LSAT Time Management Tips and Strategies

Learn how to survive the timing pressures of the LSAT while still walking out with your best score.
  • Reviewed by: Matt Riley
  • LSAT time pressures are the stuff of nightmares. Depending on the section, you’ll have 25 to 27 questions to answer in 35 minutes. That’s only 1:20 per question! 

    In this article, we’ll talk about how to survive the timing pressures of the LSAT while still walking out with your best score.

    LSAT Time Management

    Accuracy Comes First

    But first, a disclaimer: if you haven’t already mastered the LSAT question types and repeatedly drilled them for accuracy, any timing practice is premature at this stage. As the old expression goes, we need to learn to walk before we try to run. There’s no sense in doing something quickly if it cannot be done well.

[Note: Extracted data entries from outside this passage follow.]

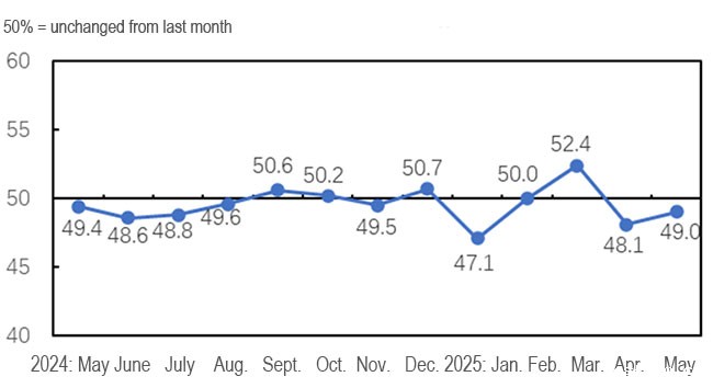 In May, the raw material purchasing index was 49.7%, 2.2 percentage points higher than in April; the raw material inventory index was 48.5%, down 1.4 percentage points month-on-month; the production index was 48.2%, up 0.2 percentage points from April; the product sales index was 48.9%, increasing 2.0 percentage points month-on-month; the product inventory index was 48.6%, down 0.5 percentage points from the previous month; and the business index was 49.4%, up 1.3 percentage points from April.
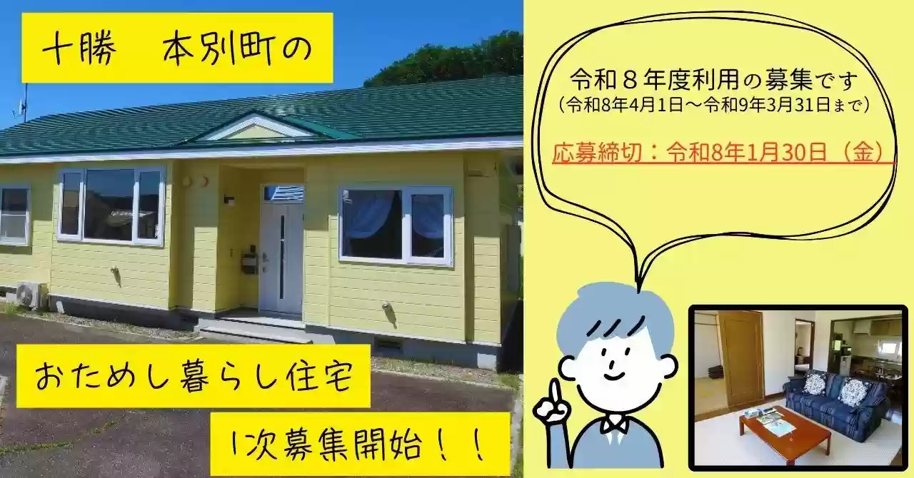 【十勝・本別町】おためし暮らし住宅(市街地区)令和8年度体験募集3LDK×Wi-Fi付き!まずは1週間〜“住む十勝”を試そう
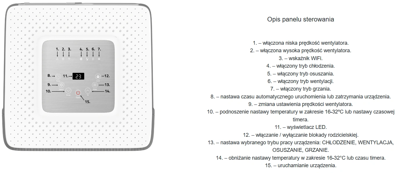 Tryby pracy: chłodzenie, osuszanie, wentylacja
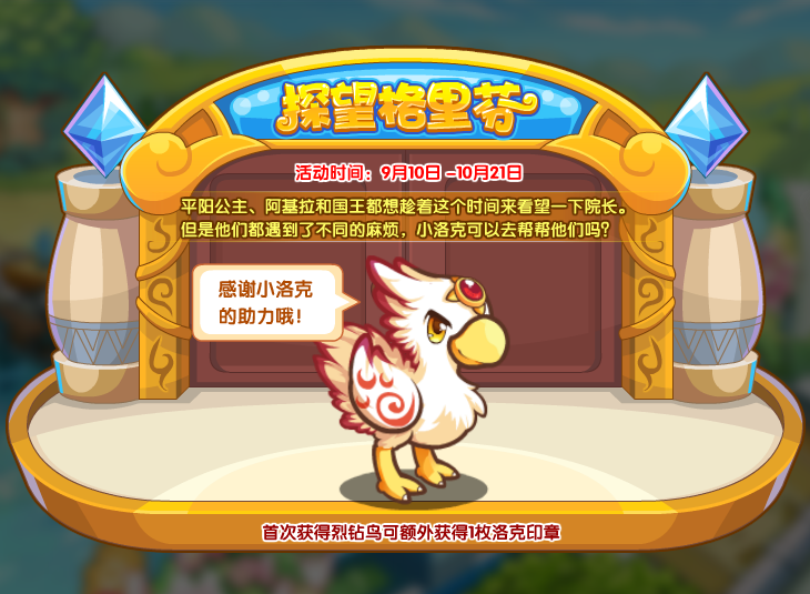 在《洛克王国》游戏中,每周会有一次更新,更新过后新活动就上线了!游戏中【探望格里芬】活动怎么玩呢?这是9月10日即将上线的活动之一,下面手游网小编珞珞就给大家带来了《洛克王国》探望格里芬活动攻略介绍,感兴趣的速来围观吧!
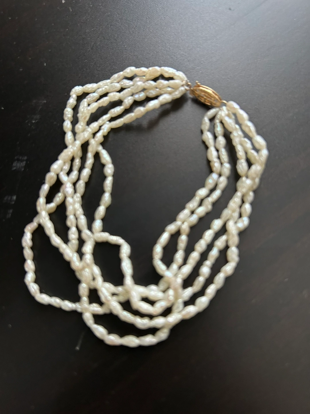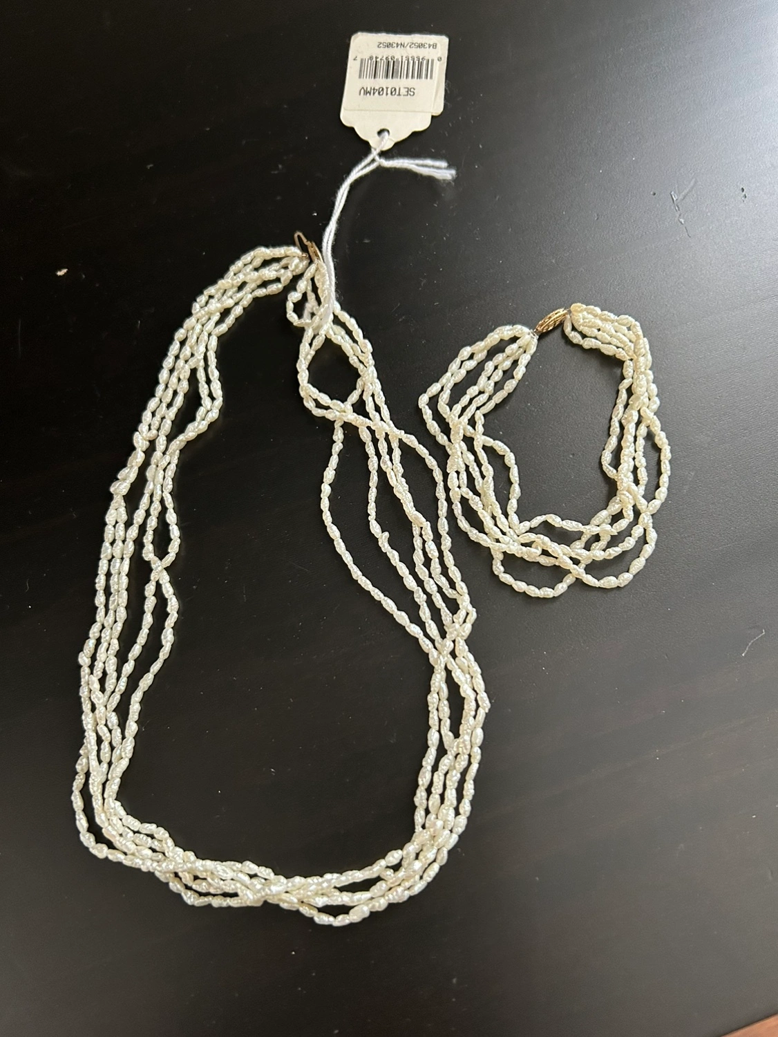 A set of pearl necklaces and bracelet in excellent condition. The necklaces are in a multi-strand design and the bracelet is a single strand. Both have a gold clasp. Costume jewelry Asking$8.00 for both
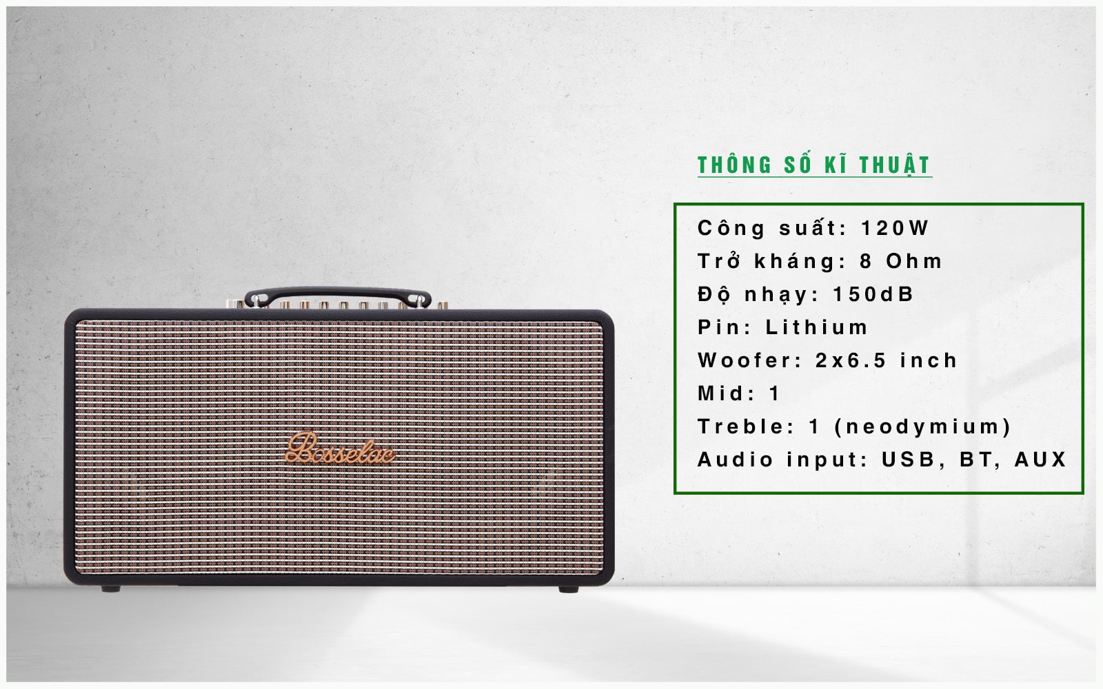 Loa BossElac HD-112 Loa BossElac SK-668 sở hữu hệ thống âm thanh 3 đường tiếng Bass – Mid – Treble với các củ loa gồm: 2 loa Bass 6.5 inch, 1 loa Mid và 1 loa Treble còi giúp tái tạo chất âm chuẩn sắc, chi tiết và chân thực. Công suất của loa BossElac Sk-668 là 120W và thiết bị có khả năng hoạt động liên tục từ 4 đến 7 giờ đồng hồ..
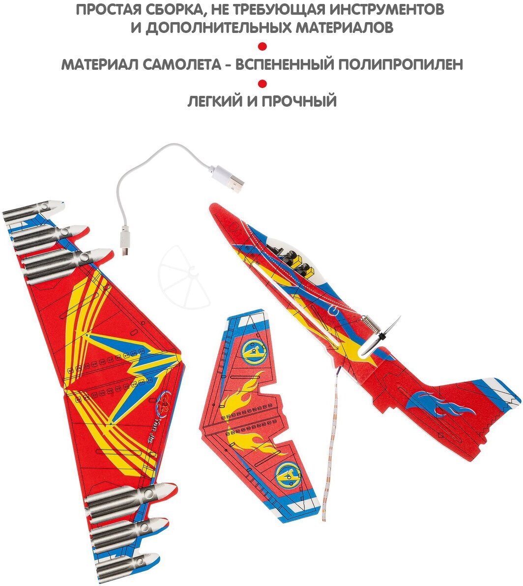 Самолет Истребитель с моторчиком красный, сборный, аккумулятор 31х12х2,5см
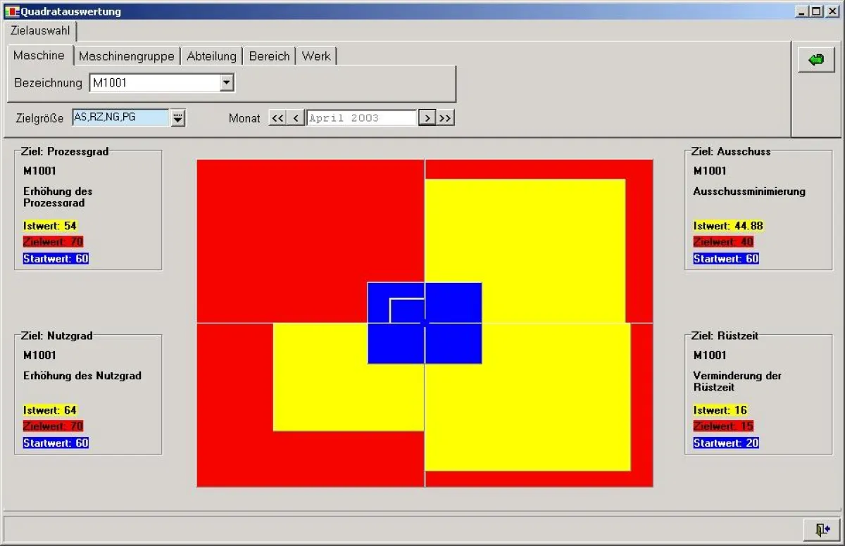 In der zweiten Stufe werden Ziele definiert, die es im Rahmen eines Verbesserungsprozesses zu erreichen gilt. Die Ziele orientieren sich an den Verbesserungspotenzialen, die in der ersten Stufe aufgedeckt wurden. Daraus werden Maßnahmen abgeleitet, die dazu dienen sollen, die vorgegebenen Ziele in den definierten Zeiträumen zu erreichen.
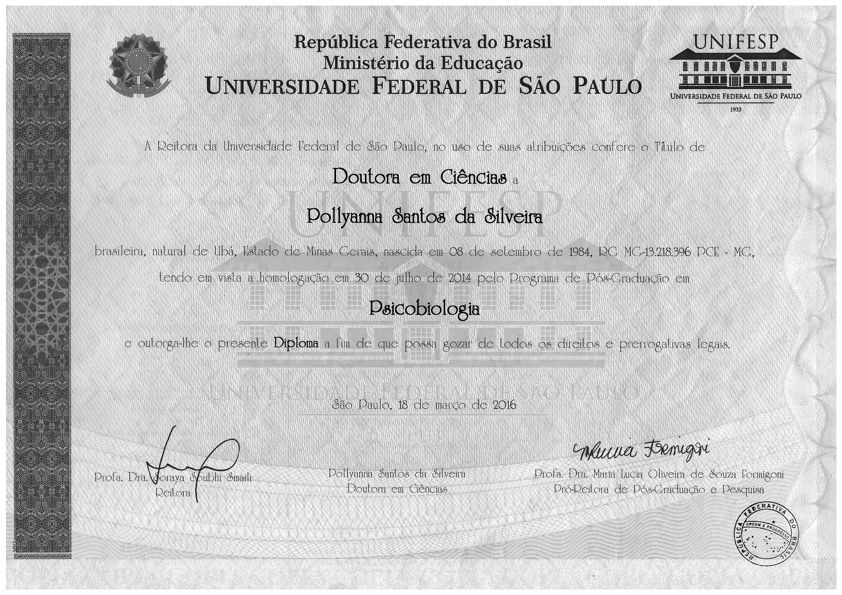 Sou psicóloga e mestre em Psicologia pela UFJF (2007-2010), além de doutora em Psicobiologia pela UNIFESP (2014).
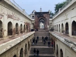 Tussen de twee eerder genoemde Imambara’s staat de monumentale poort Rumi Darwaza, ooit de toegangspoort tot de stad. Groot, indrukwekkend groot. Met een kameel op de ‘parking’ voor de ideale foto. Hij sloft midden tussen de tuktuks, brommers en eetstalletjes terwijl wij op onze Uber taxi wachten. Die vervolgens om een paar koeien heen moet rijden voordat we kunnen instappen. Nu ik dit opschrijf zie ik het beeld weer voor me. Bizarre combinaties die haast gewoon worden naarmate we hier langer zijn.
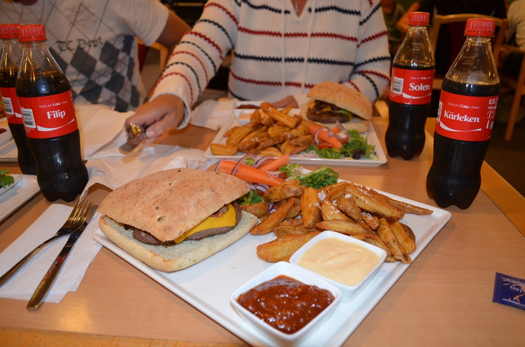 Väl ombord på färjan så gick vi till restaurangen och beställde varsin hamburgare.![]()
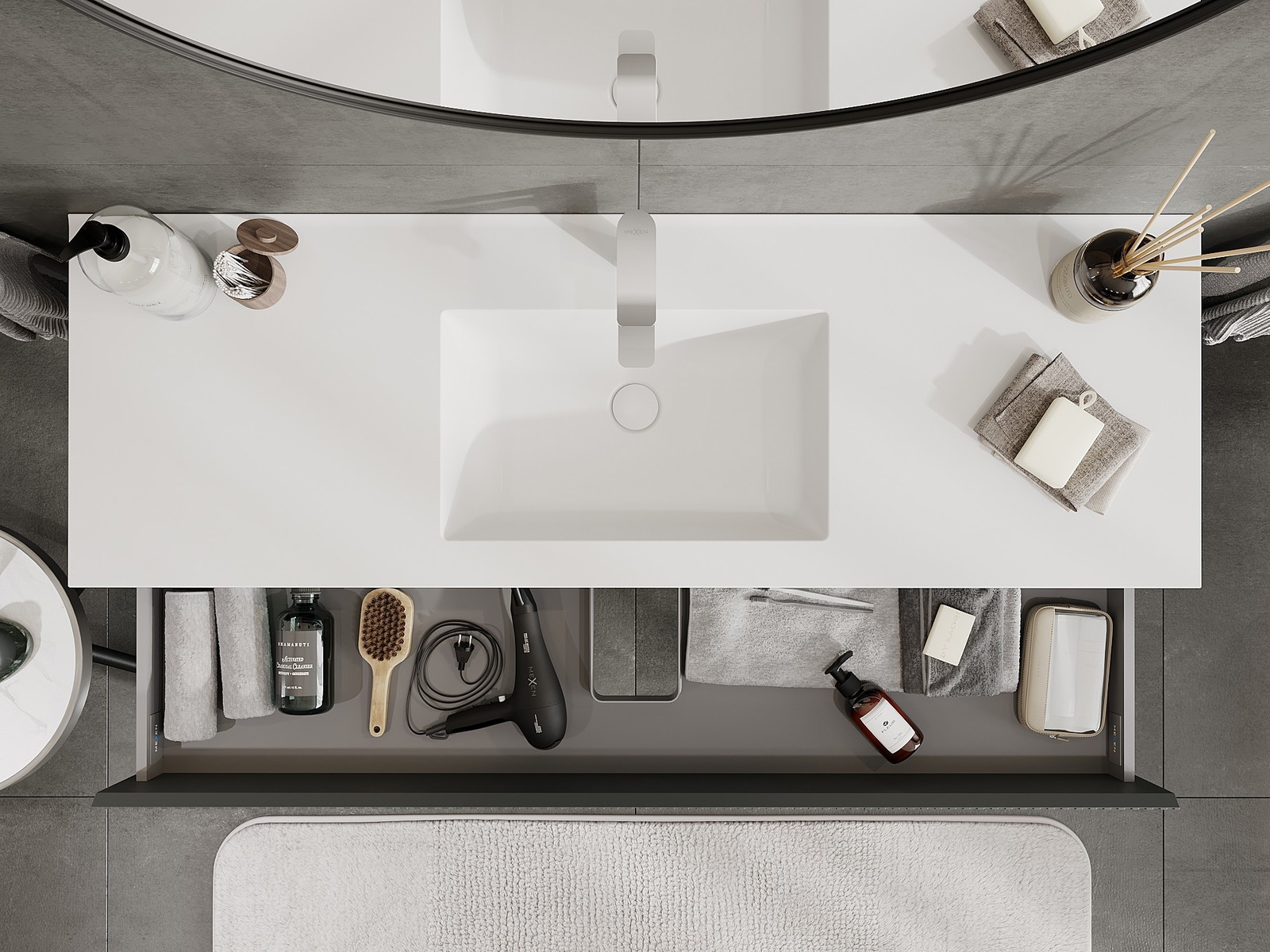 Изрезът в чекмеджето е проектиран по такъв начин, че да побере сифона, който е необходим в мивковите инсталации. Благодарение на това мебелът може да бъде монтиран напълно функционално, без да се налага отказване от пространството в чекмеджето заради инсталацията.

    LSAT Timing Best Practices in Logical Reasoning

    A Logical Reasoning Section provides us with a series of progressively difficult questions, each with its own mini-universe of facts, arguments, and conclusions to tangle with (otherwise known as the “Stimulus”).

    As mentioned above, our timing breakdown works out to approximately 1:20 per question if our goal is to finish the section. This might sound downright impossible to you. In fact, you can probably think back to a few questions that took more than a minute to read, let alone answer!

    Understand that success in this area does not mean doing every question in under 1:20. Questions on the LSAT come in all shapes and sizes. You’ll definitely have some questions, like high-level Parallel Flaw, that are lengthy and could take north of two minutes to solve. But you’ll also have some other questions, like low-difficulty Main Point, where you can read, anticipate, and find the right answer in under 30 seconds. (Yes, 30 seconds!)

    It is crucial to be able to “bank” time on the easier questions so that you can have that extra time to spare when the hard questions show up.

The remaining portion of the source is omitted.